For years, I know this guy and older gay men for the first month, and so to get to know him, still pressing on me, until finally the point that I am not interested in dating him, not to mention any casual sex. So I kept with it is to go out, because only such an amazing guy. When I finally got the message, our friendship will continue as normal and actually find a connection. He always tell me about their experiences with the boys he met on gay dating sites and I trust him about his relationship problems. We were completely comfortable talking about these things, so our friendship was really solidifying.

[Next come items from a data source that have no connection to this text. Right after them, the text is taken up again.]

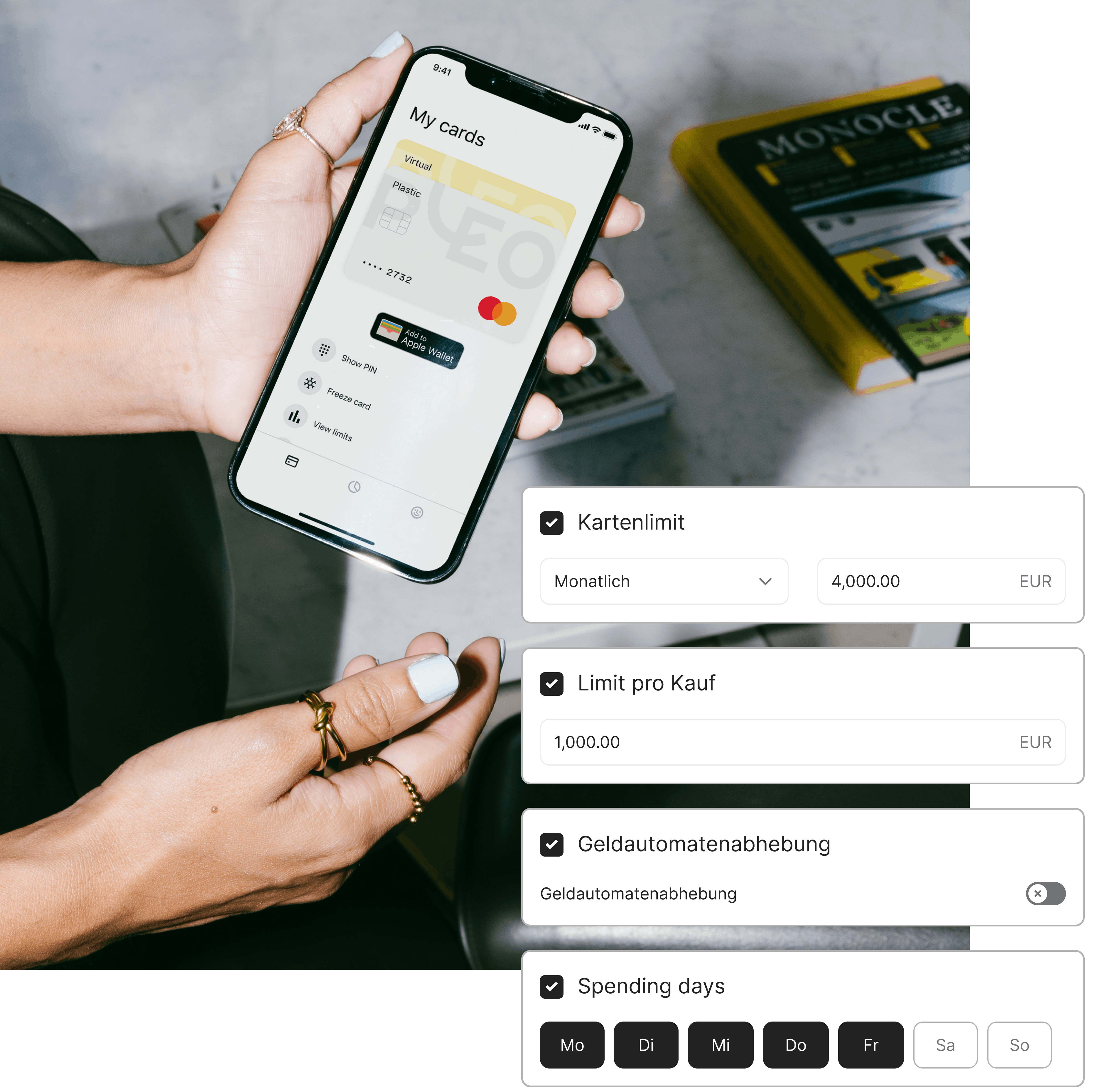 Stellen Sie physische, virtuelle oder temporäre Karten für Ihre Mitarbeiter:innen aus. In Sekunden. Privatauslagen werden unnötig, denn Hardware-Einkäufe, Abonnements und alle anderen erforderlichen Ausgaben lassen sich jetzt direkt tätigen. Stets im Rahmen klarer Kontrollmechanismen und sofort in der App einsehbar.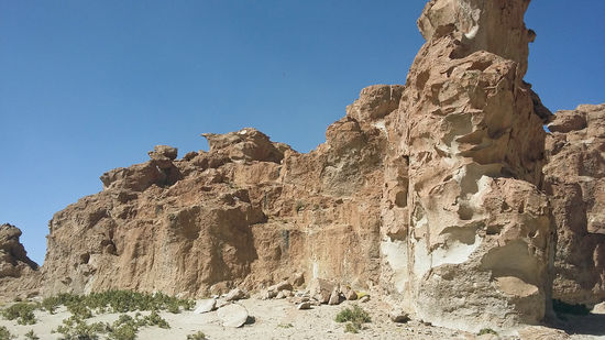 Später fahren wir durch eine Gegend mit vielen interessant geformten Felsformationen vorbei. Armando versucht, an einer etwas windgeschützten Stelle zu halten, damit wir raus können. Ich nehme meine Kamera gar nicht erst mit, um sie nicht dem Sand in der Luft auszusetzen und mache nur mit dem Handy Fotos.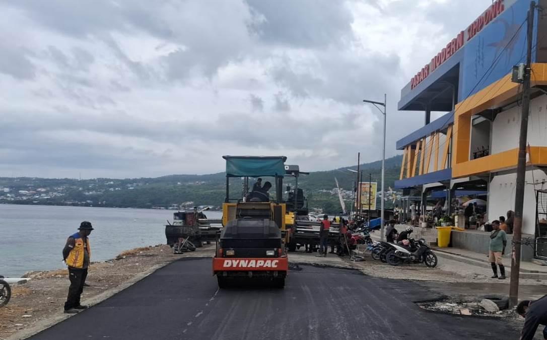 OBORMOTINDOK.CO.ID. LUWUK—Dinas Pekerjaan Umum dan Penataan Ruang (PUPR) Kabupaten Banggai akhirnya menuntaskan peningkatan ruas jalan di kawasan Pasar Simpong, Luwuk. Perbaikan dilakukan mulai dari pertigaan pasar hingga jembatan pasar Simpong.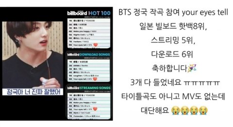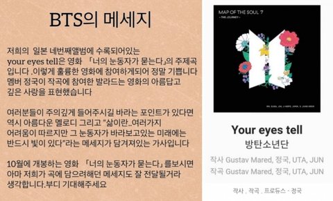 방탄소년단 정국 작곡 your eyes tell 일본 영화 OST 선정 + 일본 4집 수록곡 등재
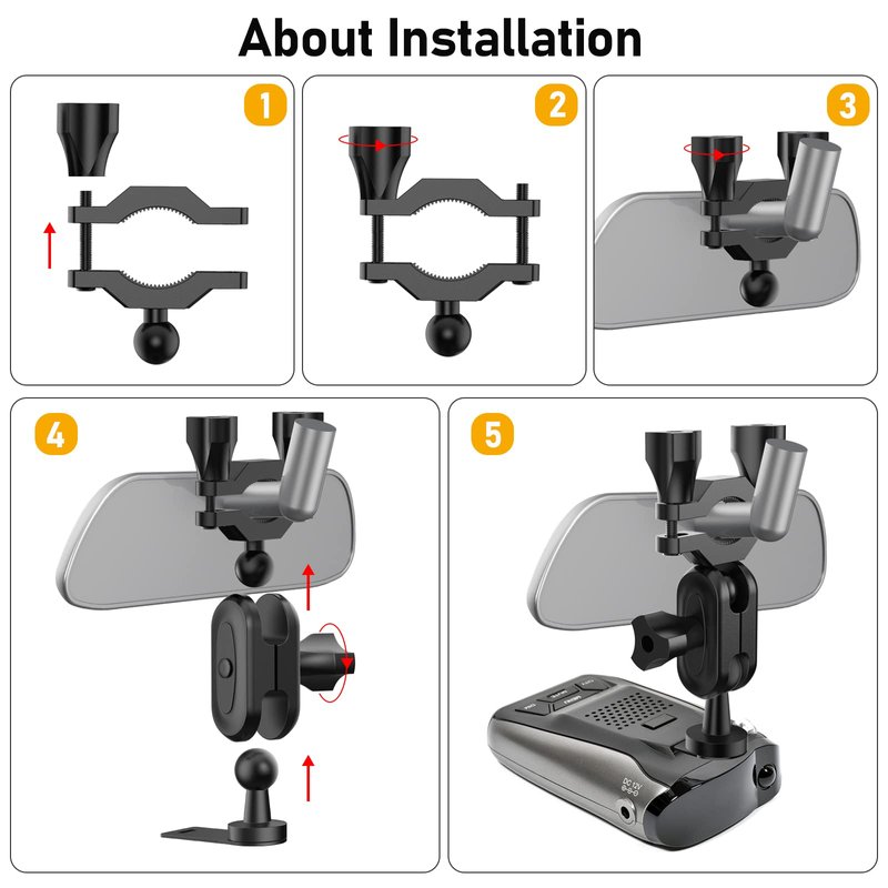 Radar detector rearview mirror installation kit, car/truck rearview mirror radar detector mount, safe and never falling off, 360 degree rotation, easy installation. Please Note that this mount will need 1 inch stem space to setup on to your rear view mirror.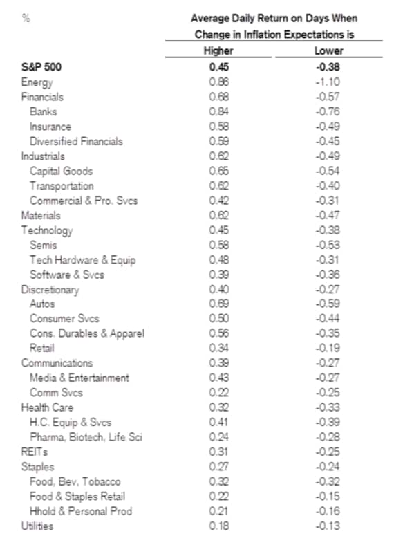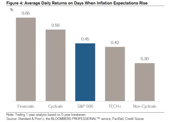 クレディ・スイスによると、S&P500種株価指数の全てのセクターが平均すると、インフレ懸念が高まった日にはリターンがプラスになった。最大の恩恵を受けてきたのがエネルギーと金融株で、生活必需品と公益セクターは最もリターンが小さかった。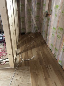 根太に構造用合板を貼ってから、フローリングを貼っています。(二重貼り)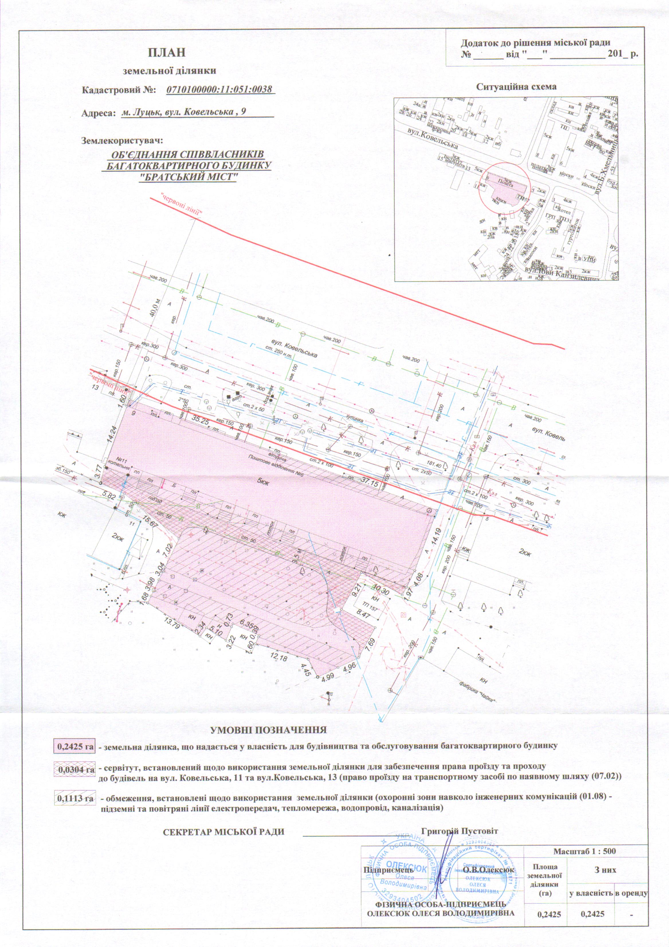1. Затвердити ОБ’ЄДНАННЮ СПІВВЛАСНИКІВ БАГАТОКВАРТИР-НОГО БУДИНКУ «БРАТСЬКИЙ МІСТ» проект землеустрою щодо відведення земельної ділянки площею 0,2425 га на вул. Ковельській, 9, кадастровим номером 0710100000:11:051:0038, для будівництва та обслуговування багатоквартирного будинку.

About three months ago, he started hitting on me and flirting with me again. For some reason, this time do not remember that much and instead of openly rejecting it, just ignore his advances. It was not as though any big gestures in order to woo me – just from time to time comment on how I was such a great guy, and sometimes “innocently” put his hand on my thigh. You do not seem to me that the innocent, though. The main problem was that he did it in a rather awkward moments like when he talked about the commitment to the relationship I’m in. What really threw me.
Other weekend, it was just two of us hanging out after a few beers (and maybe a few beers too many) and I think I lost my sense of sexual orientation. Indeed, we can certainly say that she was sexually confused, because everything started physical. Without going into details too much, our pants were off and the older gay man who was once my friend soon becomes her lover! I have a really strict guy when it comes to infidelity in relationships. My motto is always “One strike you’re out” as soon put a stop to things before something really serious. I really just curious, but soon began to feel cumbersome.
Now, several weeks after the incident, things are not so bad. We resumed our friendship (assuming that a short sexual put our friendly relations in the break), but still maintain the feeling that this could be the beginning of the end because I’m not sure if I’ll ever be over what completely. Seeing as I have many friends, it certainly would be a pity to lose him, but I think I only have yourself to blame.